Das Finanzkapital treibt auf sein Ende zu. Was das aber bedeutet, das kann niemand von uns wirklich beschreiben. Es wird sich so wenig automatisch einstellen, wie dem Zufall überlassen sein. Es ist dennoch mehr als reine Kontingenz. Es treibt in diese Richtung. Aber schon das eigene Wehren dagegen verzerrt die Geschichte. Doch bleibt die Richtung unaufhaltsam. Zeigt sich darin eine „Quasi-Naturgesetzlichkeit“ (Marx). Und genau so dies aus der anderen Perspektive: In dem Maße, wie die ausgebeutete Klasse sich dem widersetzt oder eben nicht, verbiegt sie die Geschichte ebenso.

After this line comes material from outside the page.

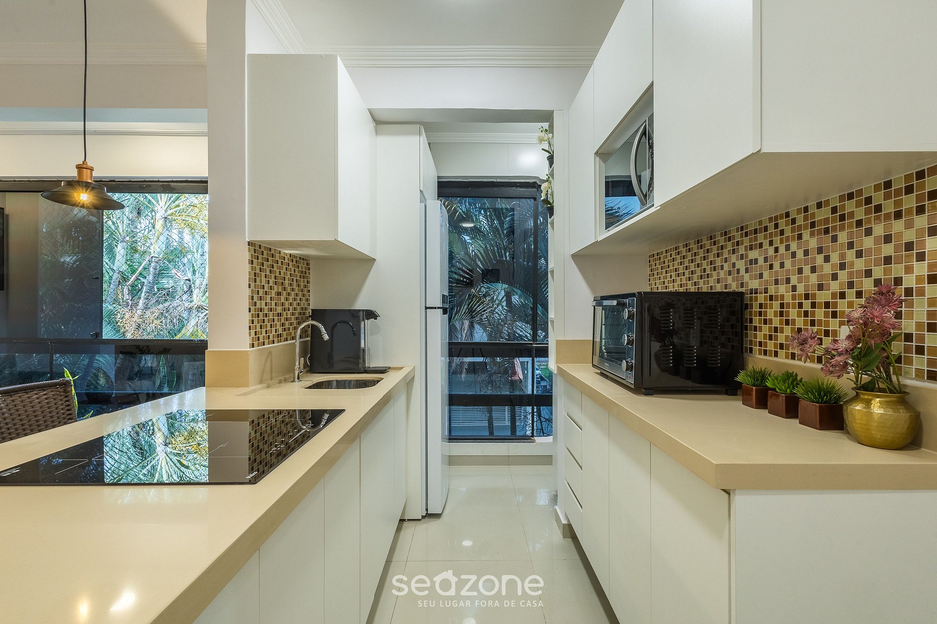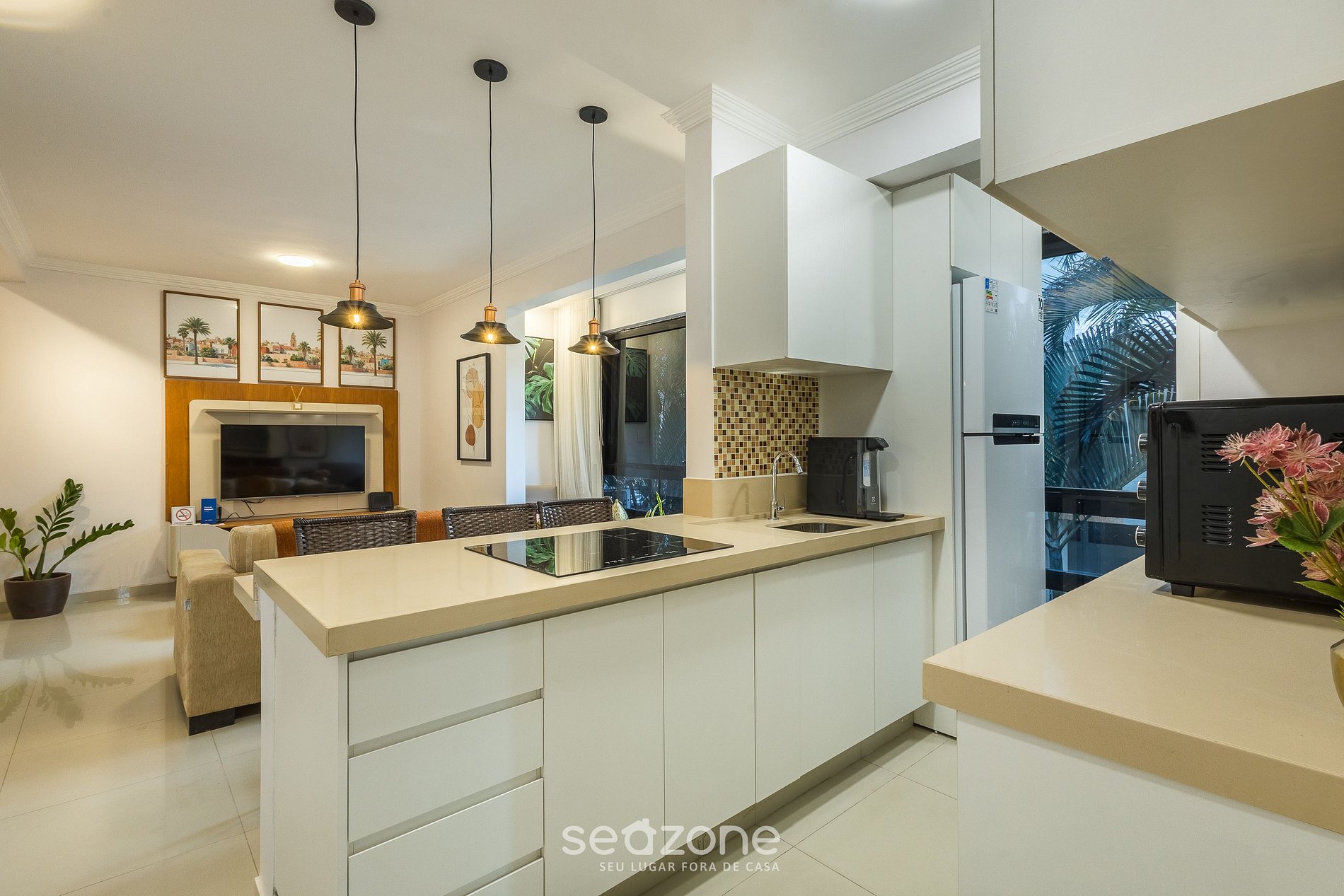 - Cocina totalmente equipada con refrigerador, placa de inducción, microondas, sandwichera, kit de café (portafiltro y termo), hervidor, ollas, vajilla y utensilios;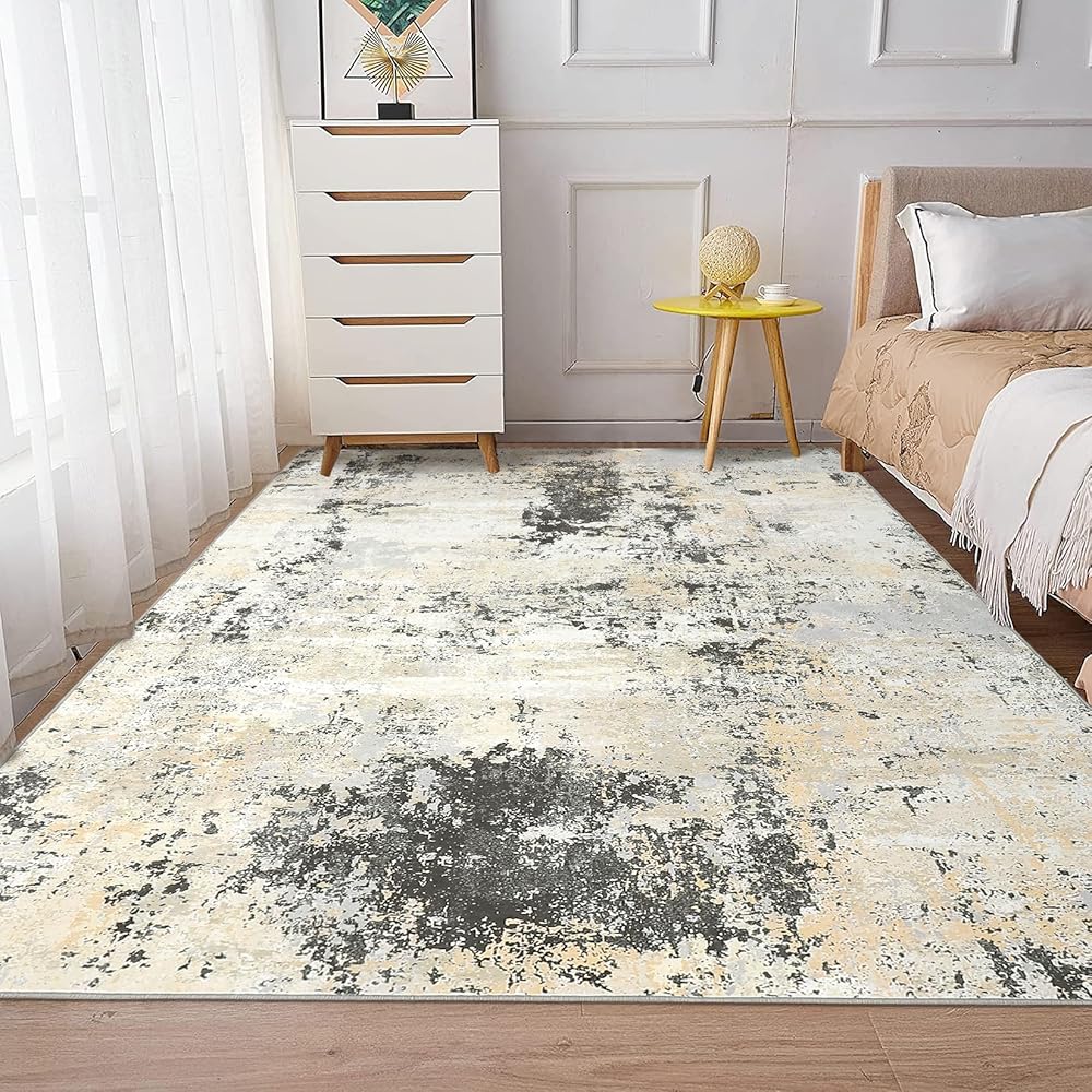 سجادة تجريدية حديثة: سجادة تجريدية حديثة تضفي جاذبية جديدة على الإعدادات المعاصرة. استخدم هذه السجادة لإضافة طبقة من الدفء مستوحاة من الطبيعة إلى الأرضية الباردة أو لإضفاء الحيوية على الغرفة الباهتة. يُظهر تصميمه الريفي المرقط لمسة تجريدية خطية من الألوان الوردية والأصفر لإضفاء أجواء حية.

So entstehen ständig neue Lücken/Optionen, die immer wieder neu geschlossen werden (was sofort neue Lücken schafft, und darin liegt auch ein Grund mit drin, dass wir so was wie objektive Wahrheit nicht mehr erkennen wollen/können, die Verzerrung/die Lücke selbst bietet sich als solche dar).

Die Finanzkrise seit 2007 zeigt diesen Prozess, der ja letztlich Klassenkampf ist, deutlicher auf denn je.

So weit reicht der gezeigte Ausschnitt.